Verbatim transcription with images omitted: return the entries below in full.

****************

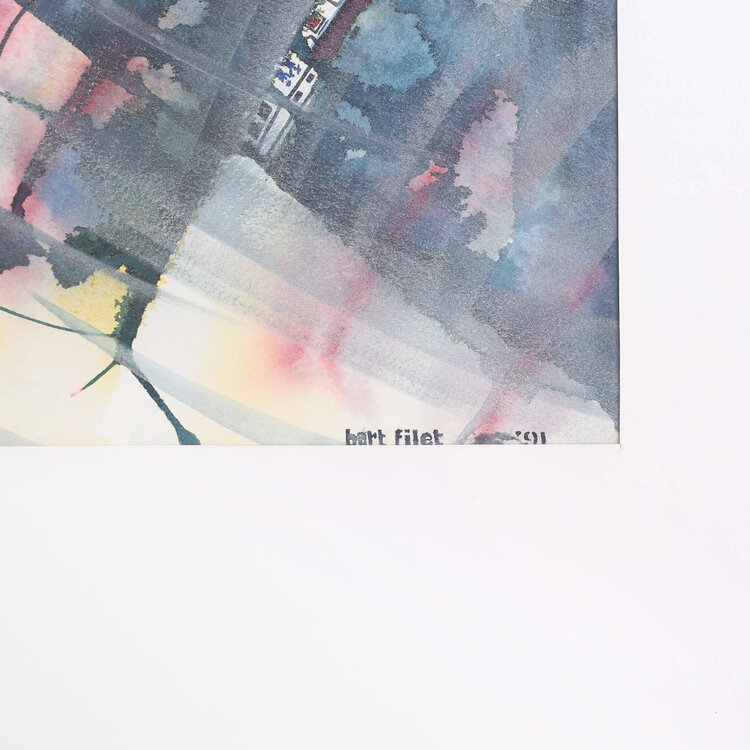 Bart Filet, Vogelvlucht, 1991. Aquarel in metalen lijst. Abstracte voorstelling in donkere kleuren met gele, rode en blauwe accenten. Rechtsonder signatuur en jaar. Conditie: goed, gebruikssporen aan lijst. Afmetingen lijst: 62 x 52 cm.
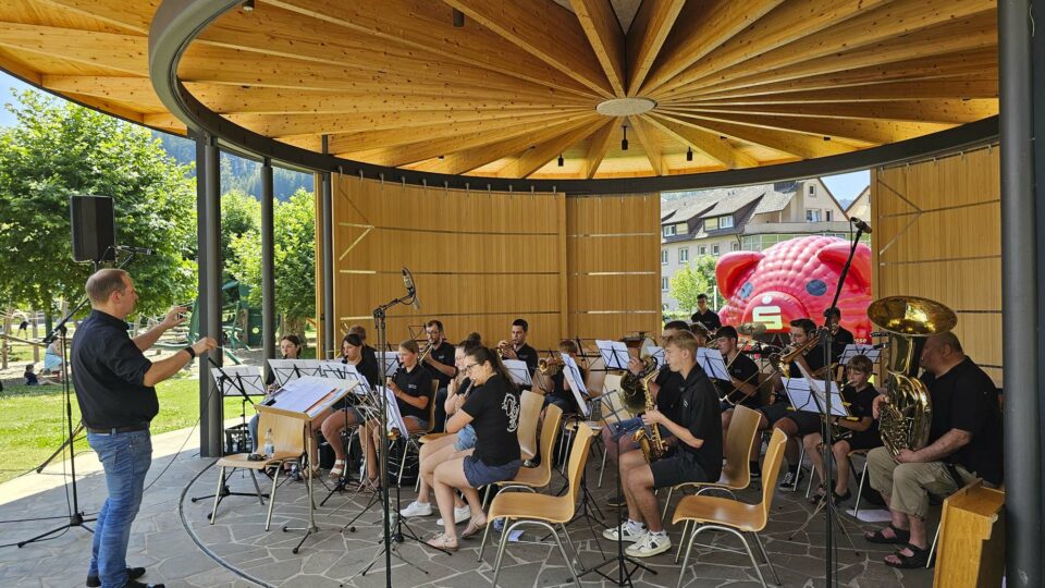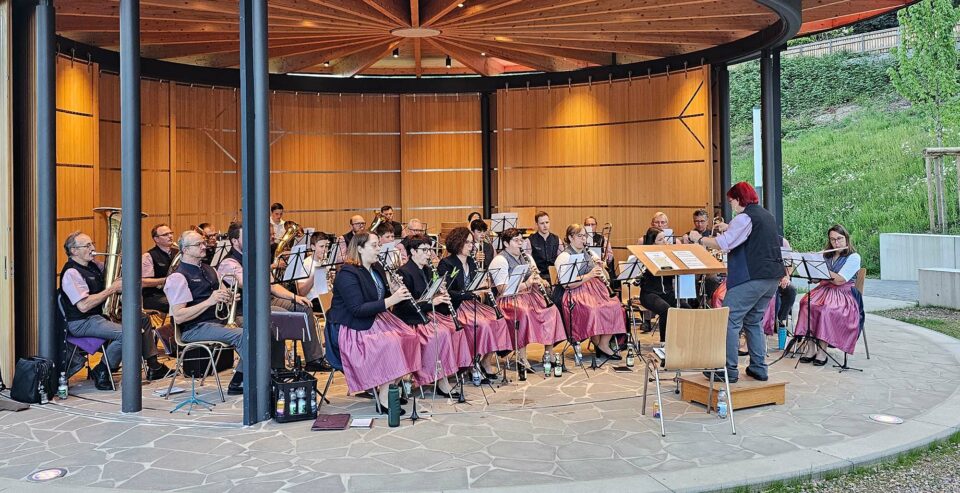 Feierabend-Konzert der Trachtenkapelle Nordrach bei Traumwetter: Am Freitagabend hat das erste Konzert der Konzertreihe „Wandern mit Blasmusik“ im Bürgerpark Nordrach stattgefunden.
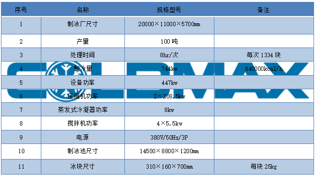 CBM-100A 日产100吨氨制冷块冰机产品参数:
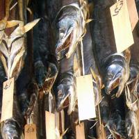 | 塩引き鮭の作り方ですが、水揚げされた鮭からまず内臓やエラを取り出します。続けて長期間保存できるように荒塩をすり込みます。数日間から1週間ほど置いた後、水で塩抜き、軒下などで寒風にさらします。この時期の村上では、至るところで吊り下げられた塩引き鮭を見掛けることができ、冬の村上の風物詩になっています。 ちなみに頭を下にするのは村上独特の吊り下げ方。城下町だった村上では、鮭でさえもお殿様に頭を高く出来なかった、というのがその理由と言われています。 鮭が上ってくる三面川(みおもてがわ)は朝日連峰にその源を発し、越後平野の北端村上市を経て、日本海に注ぐ美しい川です。今から二百数十年前の幕藩時代、文化5年(1808年)村上藩士、青砥武平治によってサケの回帰性が発見され、「種川の制度」が考案されました。「種川」とはサケのそ上・孵化を容易にするためのいわば保護河川のことで、日本で最初の鮭の増殖法となりました。 明治11年の人口孵化成功にともない、三面川の鮭漁はますます盛んになり現在に至っています。越後村上の美味しい塩引鮭、ぜひご賞味ください。 |
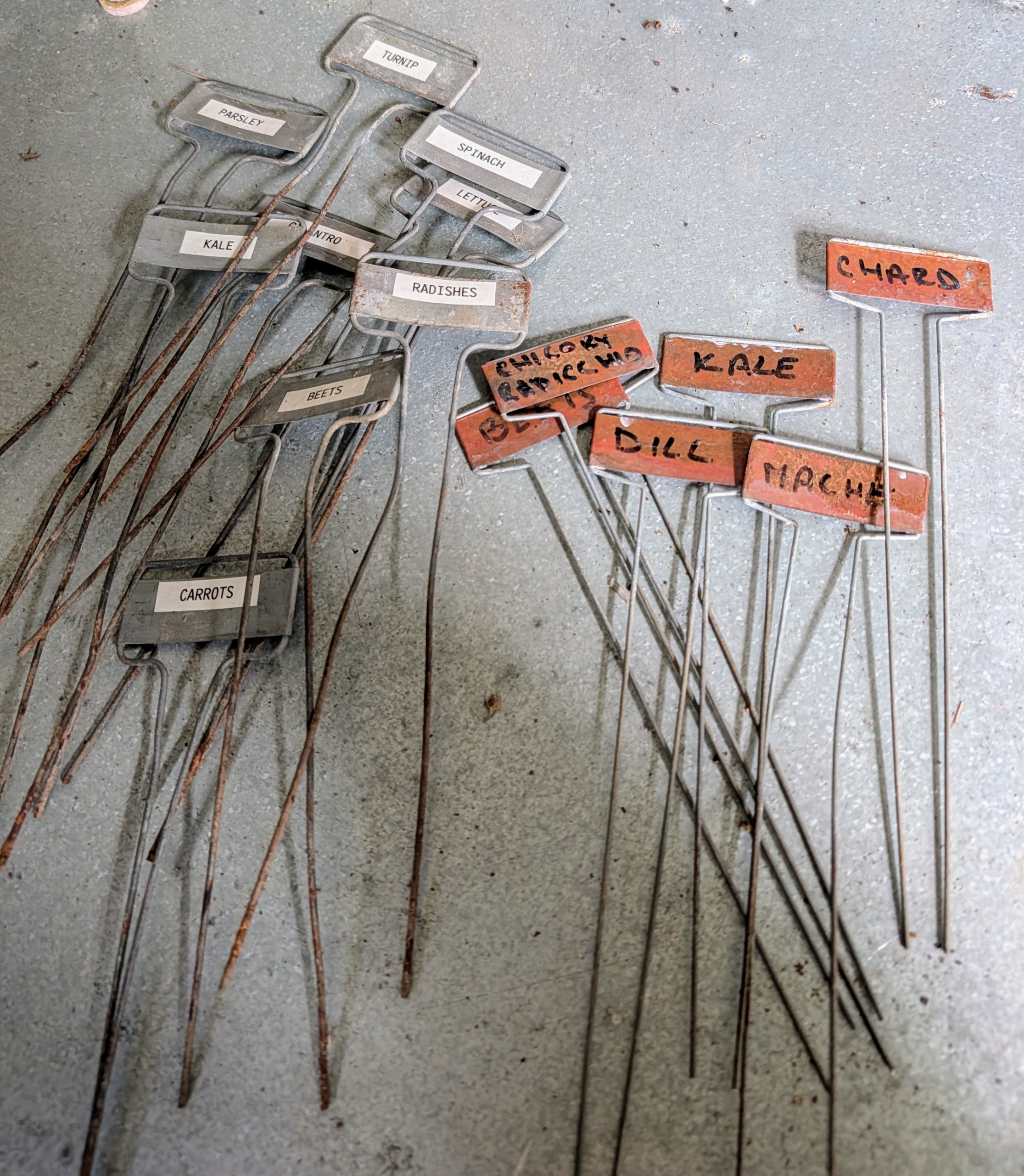 - I reuse markers season to season inside this greenhouse. These are already labeled and ready to insert into the beds.

****************

◆ The answer:
 Bart Filet, Vogelvlucht, 1991. Aquarel in metalen lijst. Abstracte voorstelling in donkere kleuren met gele, rode en blauwe accenten. Rechtsonder signatuur en jaar. Conditie: goed, gebruikssporen aan lijst. Afmetingen lijst: 62 x 52 cm.
 Feierabend-Konzert der Trachtenkapelle Nordrach bei Traumwetter: Am Freitagabend hat das erste Konzert der Konzertreihe „Wandern mit Blasmusik“ im Bürgerpark Nordrach stattgefunden.
 CBM-100A 日产100吨氨制冷块冰机产品参数:
 | 塩引き鮭の作り方ですが、水揚げされた鮭からまず内臓やエラを取り出します。続けて長期間保存できるように荒塩をすり込みます。数日間から1週間ほど置いた後、水で塩抜き、軒下などで寒風にさらします。この時期の村上では、至るところで吊り下げられた塩引き鮭を見掛けることができ、冬の村上の風物詩になっています。 ちなみに頭を下にするのは村上独特の吊り下げ方。城下町だった村上では、鮭でさえもお殿様に頭を高く出来なかった、というのがその理由と言われています。 鮭が上ってくる三面川(みおもてがわ)は朝日連峰にその源を発し、越後平野の北端村上市を経て、日本海に注ぐ美しい川です。今から二百数十年前の幕藩時代、文化5年(1808年)村上藩士、青砥武平治によってサケの回帰性が発見され、「種川の制度」が考案されました。「種川」とはサケのそ上・孵化を容易にするためのいわば保護河川のことで、日本で最初の鮭の増殖法となりました。 明治11年の人口孵化成功にともない、三面川の鮭漁はますます盛んになり現在に至っています。越後村上の美味しい塩引鮭、ぜひご賞味ください。 |
 - I reuse markers season to season inside this greenhouse. These are already labeled and ready to insert into the beds.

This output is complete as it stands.